Sunday, May 4, 2008

Something about me a normal Google won't find


At Portland Barcamp this weekend, I caught the tail end of a session on patents. I didn't know that Google has put all patents online. Sheesh! I gotta get out of my tracks and explore more. If you want to search for patents you go to Google and then hit the even more>> menu option at the bottom of the more menu. At the left you can see a light bulb icon beside "Patent Search" OK... so you just type "Colleen Dick" in the simple search bar and voila,
MY PATENT!

How do I happen to hold a patent? A long time ago I implemented cascading bandpass filters for speech on an embedded Texas Instruments speech chip --the same chip that powered the Speak 'n' Spell toy. We had to listen to this mechanical voice over and over to test it and we noted that it really messed up certain foreign-derived words that were not in its Exceptions Dictionary, particularly names. Particularly, the name of the founder of our company..... NOT good for demos!

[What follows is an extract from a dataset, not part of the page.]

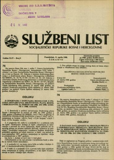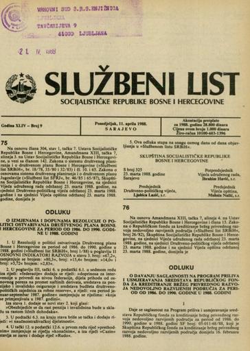 Založnik(i):Službeni list SR BiH, Sarajevo
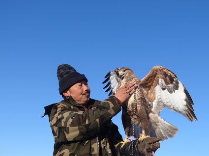 “古時(shí)候鷹做為人類的朋友,幫助主人捕野兔捉野雞?!庇?xùn)鷹人說。

We were laughing at the way the thing pronounced our founder's name one day at lunch. See the patent and use your imagination and you can figure out for yourself what the joke was. I said to my team, "we need to allow the user to add stuff to the exceptions dictionary." So we kicked around a few ideas. I thought about how you would architect it, and that afternoon I spec'd out a rough requirements document for it. It was almost a joke, because we knew our boss would never approve of building anything useful, and certainly nothing proposed by an engineer. We weren't in marketing. All product ideas have to come from marketing. That's the way corporations work. And marketing could not wrap their heads around this one.

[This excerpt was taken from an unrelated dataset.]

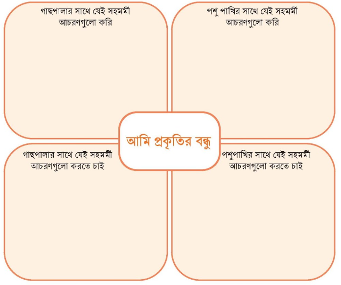 এবার দেখে নিই আমরা কী কী করি গাছপালা, পশু-পাখির জন্য। এদের জন্য আমরা যে আচরণগুলো করি এবং যেগুলো করতে চাই সেগুলো অপর পৃষ্ঠার বক্সে লিখি। তাহলে আমরা দেখতে পাব কোন কোন সহমর্মী আচরণের জন্য আমরা নিজেদেরকে তাদের বন্ধু দাবি করতে পারি।
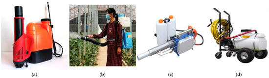 Pesticide application in greenhouses is limited by the closed conditions and operating spaces. Therefore, the application of pesticides in greenhouses predominantly uses knapsack sprayers, knapsack mist sprayers, fogger sprayers, and spray guns or lances connected to a spraying trolley (Figure 1) because they are not restrained by planting patterns and space [21].

That specs document languished on the file server for nearly a year. Meanwhile I was off on maternity leave and had not been to work for two or three weeks. What I didn't expect was a Saturday morning phone call at home from one of the company patent attorneys. When a lawyer phones YOU before you've even sucked down your first Joe of the day your first thought is I deny everything! But he was all about the audio editor specification. He informed me that the company was seeking a patent on it, and as per my conditions of employment all monetary benefits from it would be assigned to my employer, but as the original inventor/designer I would get the honor of having my name on the patent, I remembered having written it, had no trouble digging up the theory of operation (because to me it was obvious) and thinking it might be a good idea. He asked permission to drive over to my house immediately and interview me. Sheesh maybe he thought somebody else was trying to patent the same thing to do it that quickly on a Saturday! It must have been about a 60 mile trip for him, but there he was about an hour later. There in my humble dining room with my little baby, he asked me a number of more detailed questions about how the program worked etc. Based on that he wrote up and submitted the patent in legalese as you see it now.

Well of course I asked someone from my team what was going on. My work mates informed me that this new manager had come onboard and started poking around and found my spec. Furthermore, this manager was championing my audio dictionary editor, had found someone in marketing to determine that there was a need for this functionality, and had already allocated several members of his team to work to productize it. I thought great, cool. Why does everyone seem to dislike this guy?

I soon found out. Apparently this ambitious new manager had initiated the patent process on my phonemic editor. He had proposed himself listed as the inventor but the attorney had smelled a rat. I'm guessing the manager was not answering the questions like the real inventor would. My buds told me the lawyer had been snooping around in the cubes and asking people questions about it. They just produced my original document for him. The name on the document and the time stamp clinched it.

It took months, but when the patent finally came through, the patent attorney took great pleasure in visiting Cubeville and hand delivering a copy to that manager's desk. Nobody told him that his name had been rubbed out and replaced by mine (hehehehe) I wish I'd seen the look on his face when he opened that! Not another word was ever said about it; I received no recognition for it in the company (monetary or other,) but it certainly dresses up my resume!